*TASK OBJECTIVE*: Write down the lines exactly as they appear, from the one that contains "Dans notre étude, nous" through the final line of the records, so that both ends are kept and no pictures come along.

*PROVIDED ENTRIES*:

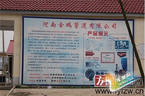 在汝南县产业聚集区河南金鹏管道有限公司大门口,张贴一块明显发旧的公司简介中清晰的写着,河南金鹏管道有限公司是由河南惠洁管业有限公司投资兴建的一家从事高分子材料及其制品研究开发、生产制造为一体的高新技术企业。公司位于汝南县产业聚集区内,年生产PVC给排水管材、管件;PVC-C电力护套管12000吨。
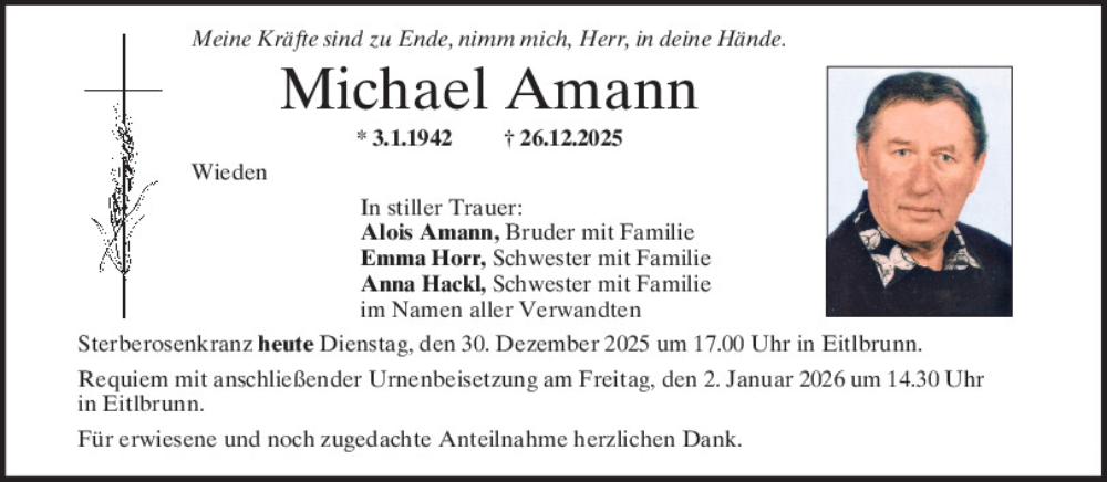 Hier finden Sie alle Traueranzeigen aus der Zeitung, die bisher für Michael Amann erschienen sind.
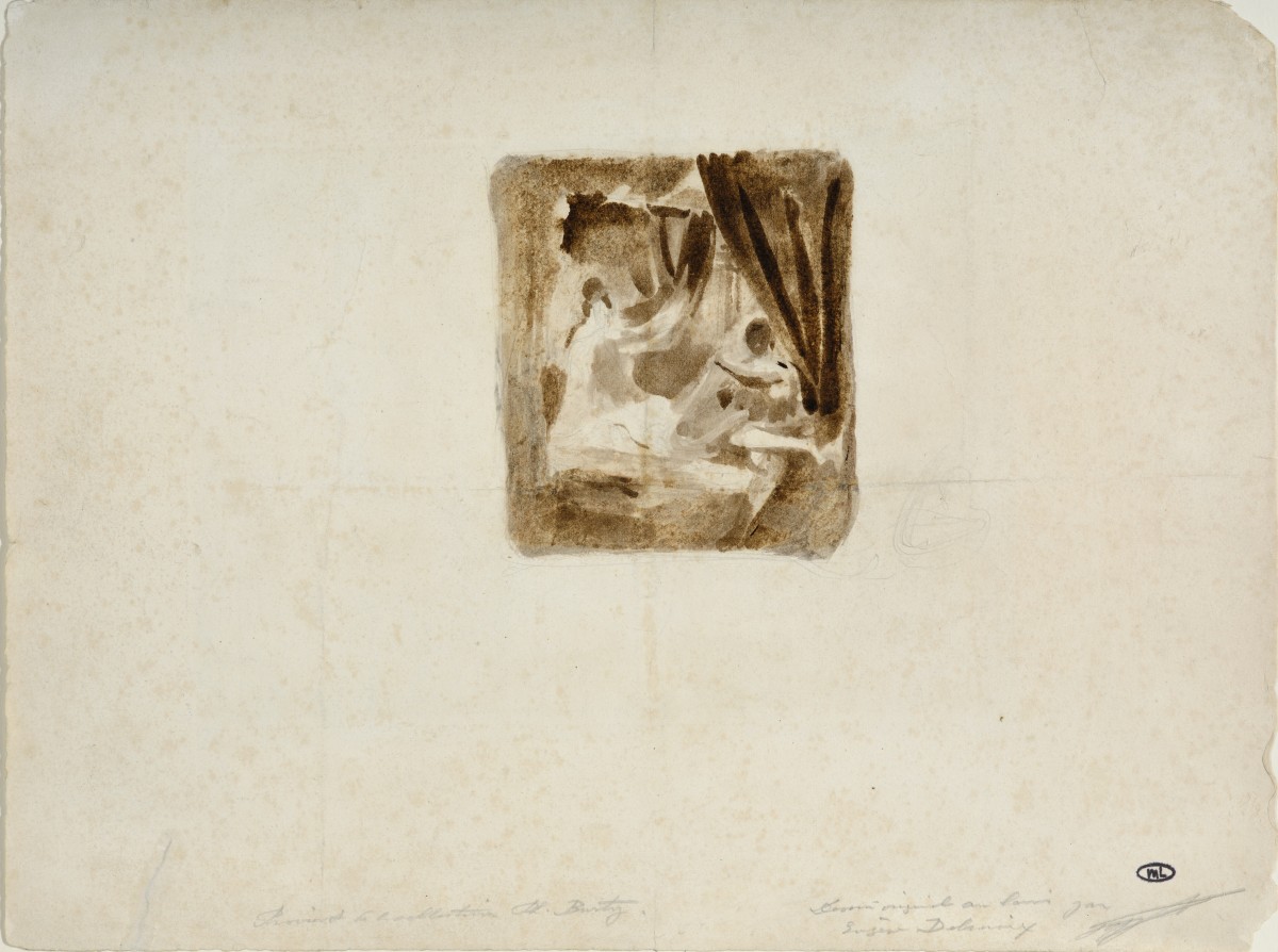 Dans notre étude, nous retrouvons les deux principaux protagonistes, le duc et son chambellan, qui se font face dans le huis-clos d’une alcôve bordée de lourds rideaux. Alors que le duc, assis sur la droite dans une position assez désinvolte lui dévoile sa maîtresse, le chambellan trahit sa surprise par un geste de son bras gauche, qui sera remplacé par un mouvement beaucoup plus doux (suggérant peut-être la douce contemplation des beautés qui lui sont révélées) dans la version peinte. Pour la maîtresse, Delacroix s’en tient à l’essentiel : d’une touche de sépia, il évoque sa tête cachée dans l’ombre derrière le drap, et d’un fin trait de pinceau en forme de vague, ses formes voluptueuses mises à nu …
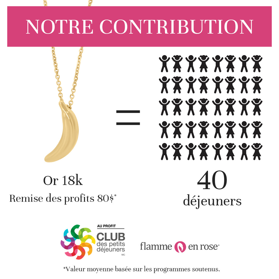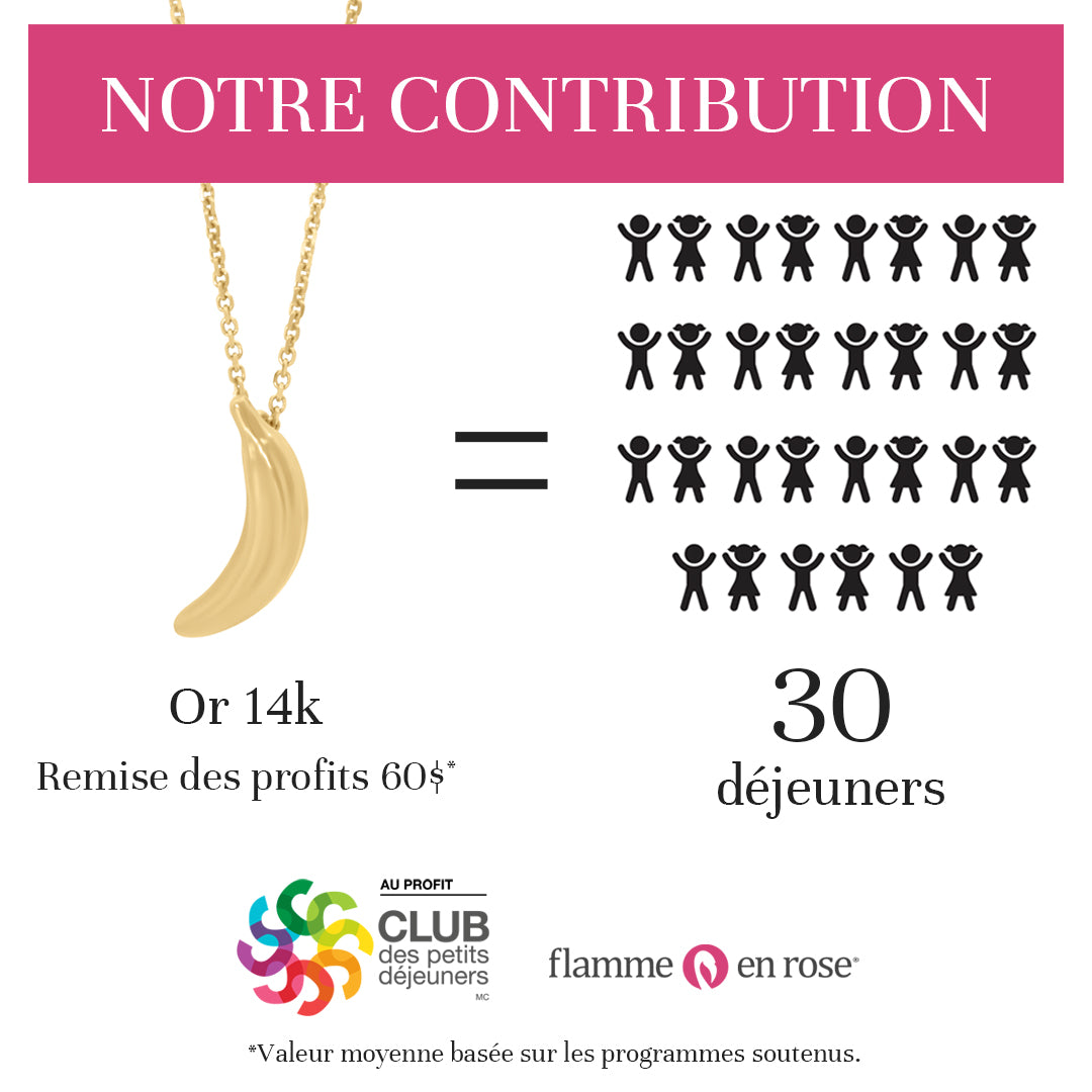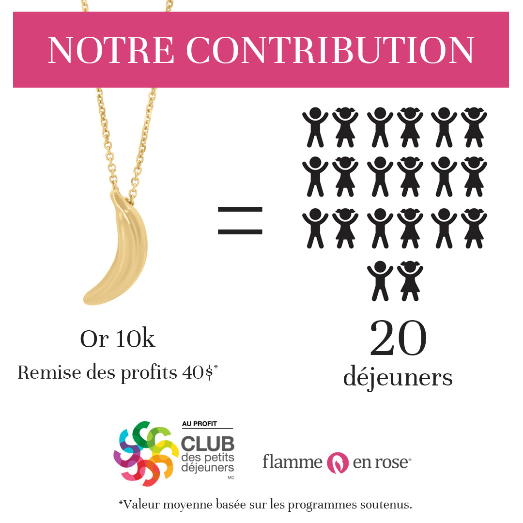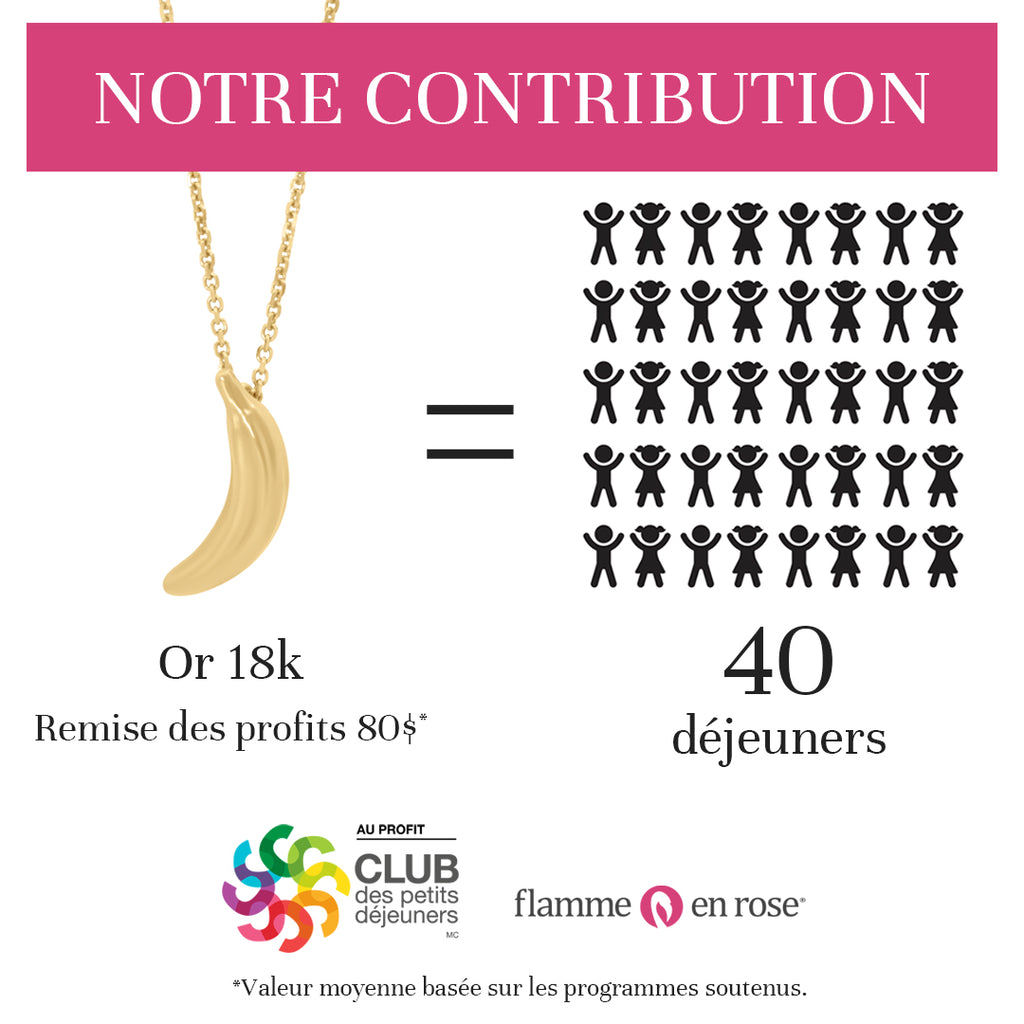 - Avec chaque pendentif vendu, vous contribuez à offrir des petits déjeuners aux enfants, grâce à notre partenariat avec le Club des petits déjeuners.
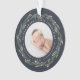 A perfect gift for new parents, this elegant acrylic Christmas ornament features front and back photos encircled by a wreath of dark green leaves and red berries. "[Name's] first Christmas" curves over the top of each photo, with the year beneath. Customise this round ornament with a treasured photo on each side to create a unique keepsake of your baby's first Christmas.
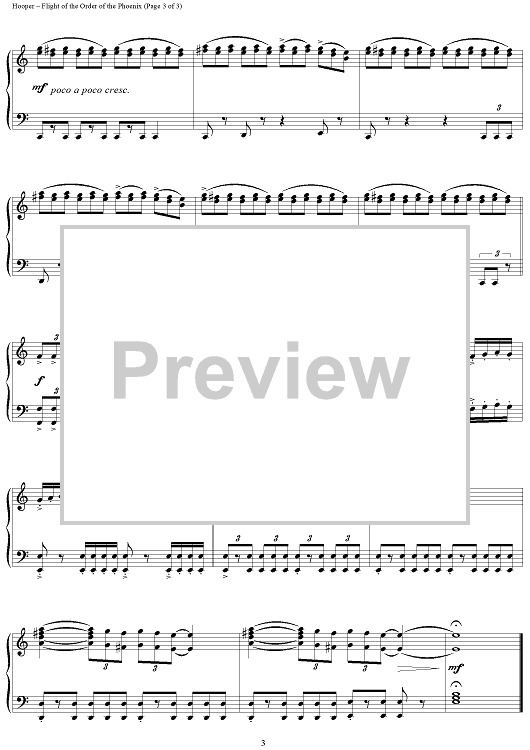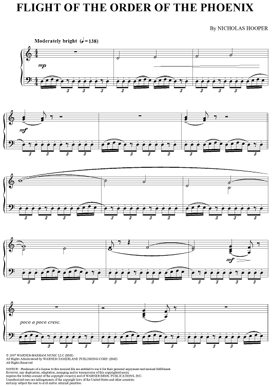 Digital Sheet Music for Flight of the Order of the Phoenix by Nicholas Hooper scored for Piano Solo; id:363032

*PROBLEM SOLUTION*:
 Dans notre étude, nous retrouvons les deux principaux protagonistes, le duc et son chambellan, qui se font face dans le huis-clos d’une alcôve bordée de lourds rideaux. Alors que le duc, assis sur la droite dans une position assez désinvolte lui dévoile sa maîtresse, le chambellan trahit sa surprise par un geste de son bras gauche, qui sera remplacé par un mouvement beaucoup plus doux (suggérant peut-être la douce contemplation des beautés qui lui sont révélées) dans la version peinte. Pour la maîtresse, Delacroix s’en tient à l’essentiel : d’une touche de sépia, il évoque sa tête cachée dans l’ombre derrière le drap, et d’un fin trait de pinceau en forme de vague, ses formes voluptueuses mises à nu …
 - Avec chaque pendentif vendu, vous contribuez à offrir des petits déjeuners aux enfants, grâce à notre partenariat avec le Club des petits déjeuners.
 A perfect gift for new parents, this elegant acrylic Christmas ornament features front and back photos encircled by a wreath of dark green leaves and red berries. "[Name's] first Christmas" curves over the top of each photo, with the year beneath. Customise this round ornament with a treasured photo on each side to create a unique keepsake of your baby's first Christmas.
 Digital Sheet Music for Flight of the Order of the Phoenix by Nicholas Hooper scored for Piano Solo; id:363032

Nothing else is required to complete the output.